Data provided:
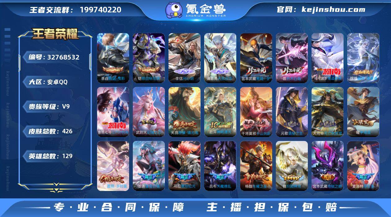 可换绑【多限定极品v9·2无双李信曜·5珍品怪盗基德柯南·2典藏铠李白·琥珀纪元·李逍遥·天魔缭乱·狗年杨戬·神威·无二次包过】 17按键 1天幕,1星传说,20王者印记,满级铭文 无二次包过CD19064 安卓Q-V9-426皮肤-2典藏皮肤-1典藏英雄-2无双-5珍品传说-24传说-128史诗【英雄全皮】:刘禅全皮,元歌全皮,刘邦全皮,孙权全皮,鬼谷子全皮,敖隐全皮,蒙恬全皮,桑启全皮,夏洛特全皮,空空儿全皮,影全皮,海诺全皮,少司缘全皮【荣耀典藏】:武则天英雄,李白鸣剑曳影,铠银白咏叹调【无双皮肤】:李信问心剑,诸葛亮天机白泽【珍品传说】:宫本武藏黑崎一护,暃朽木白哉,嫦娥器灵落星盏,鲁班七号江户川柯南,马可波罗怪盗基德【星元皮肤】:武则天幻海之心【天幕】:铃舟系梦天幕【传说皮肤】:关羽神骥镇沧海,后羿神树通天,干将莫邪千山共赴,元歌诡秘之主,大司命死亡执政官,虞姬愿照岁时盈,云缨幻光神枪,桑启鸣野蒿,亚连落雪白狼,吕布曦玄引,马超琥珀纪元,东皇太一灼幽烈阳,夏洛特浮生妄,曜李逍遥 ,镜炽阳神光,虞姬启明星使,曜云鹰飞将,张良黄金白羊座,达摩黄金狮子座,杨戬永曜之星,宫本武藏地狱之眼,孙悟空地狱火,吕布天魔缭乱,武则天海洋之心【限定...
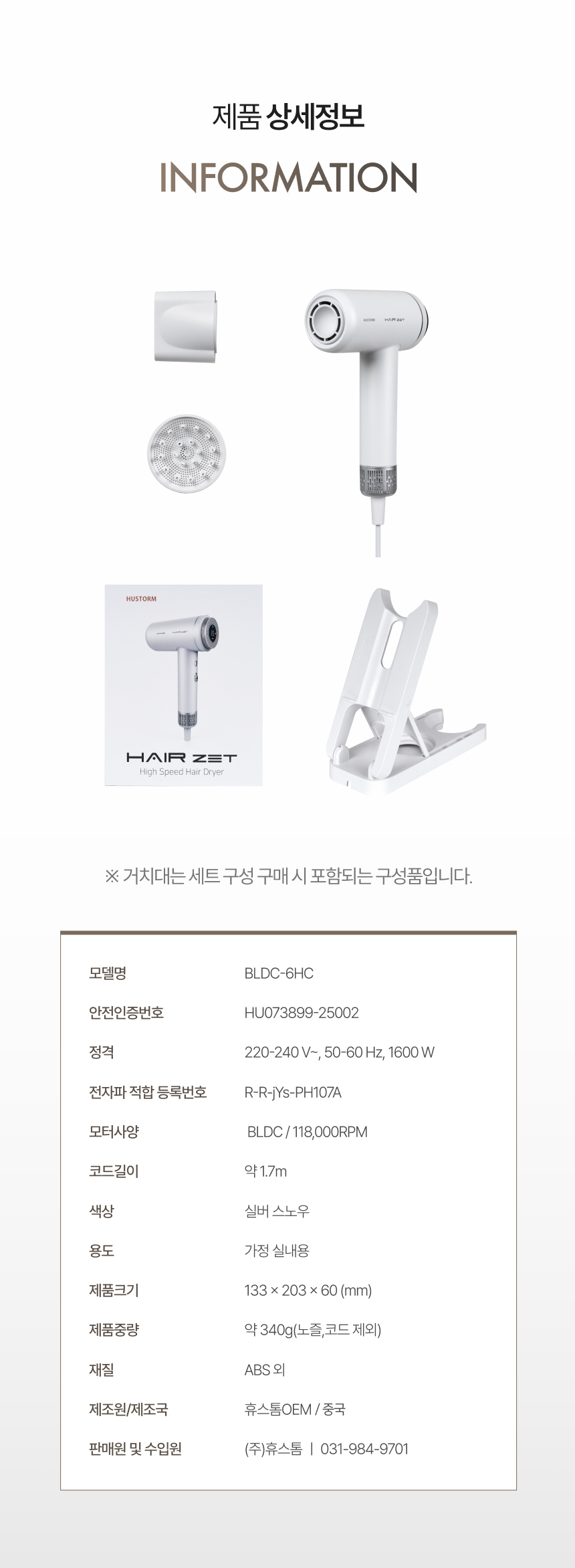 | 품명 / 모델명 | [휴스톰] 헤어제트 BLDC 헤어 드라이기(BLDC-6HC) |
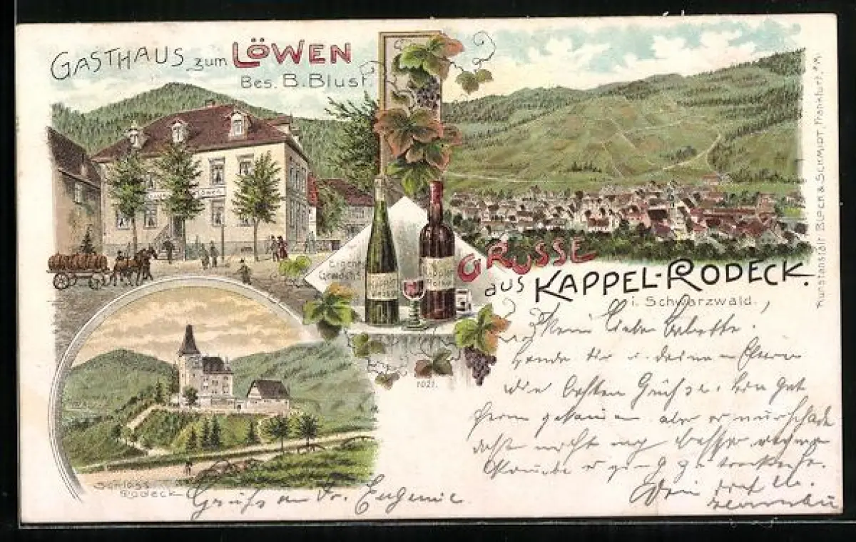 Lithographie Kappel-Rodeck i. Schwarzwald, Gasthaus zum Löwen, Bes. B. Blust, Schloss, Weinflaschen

Problem description:
Word for word, reproduce all the data, but not the pictures.

Solved exercise:
 可换绑【多限定极品v9·2无双李信曜·5珍品怪盗基德柯南·2典藏铠李白·琥珀纪元·李逍遥·天魔缭乱·狗年杨戬·神威·无二次包过】 17按键 1天幕,1星传说,20王者印记,满级铭文 无二次包过CD19064 安卓Q-V9-426皮肤-2典藏皮肤-1典藏英雄-2无双-5珍品传说-24传说-128史诗【英雄全皮】:刘禅全皮,元歌全皮,刘邦全皮,孙权全皮,鬼谷子全皮,敖隐全皮,蒙恬全皮,桑启全皮,夏洛特全皮,空空儿全皮,影全皮,海诺全皮,少司缘全皮【荣耀典藏】:武则天英雄,李白鸣剑曳影,铠银白咏叹调【无双皮肤】:李信问心剑,诸葛亮天机白泽【珍品传说】:宫本武藏黑崎一护,暃朽木白哉,嫦娥器灵落星盏,鲁班七号江户川柯南,马可波罗怪盗基德【星元皮肤】:武则天幻海之心【天幕】:铃舟系梦天幕【传说皮肤】:关羽神骥镇沧海,后羿神树通天,干将莫邪千山共赴,元歌诡秘之主,大司命死亡执政官,虞姬愿照岁时盈,云缨幻光神枪,桑启鸣野蒿,亚连落雪白狼,吕布曦玄引,马超琥珀纪元,东皇太一灼幽烈阳,夏洛特浮生妄,曜李逍遥 ,镜炽阳神光,虞姬启明星使,曜云鹰飞将,张良黄金白羊座,达摩黄金狮子座,杨戬永曜之星,宫本武藏地狱之眼,孙悟空地狱火,吕布天魔缭乱,武则天海洋之心【限定...
 | 품명 / 모델명 | [휴스톰] 헤어제트 BLDC 헤어 드라이기(BLDC-6HC) |
 Lithographie Kappel-Rodeck i. Schwarzwald, Gasthaus zum Löwen, Bes. B. Blust, Schloss, Weinflaschen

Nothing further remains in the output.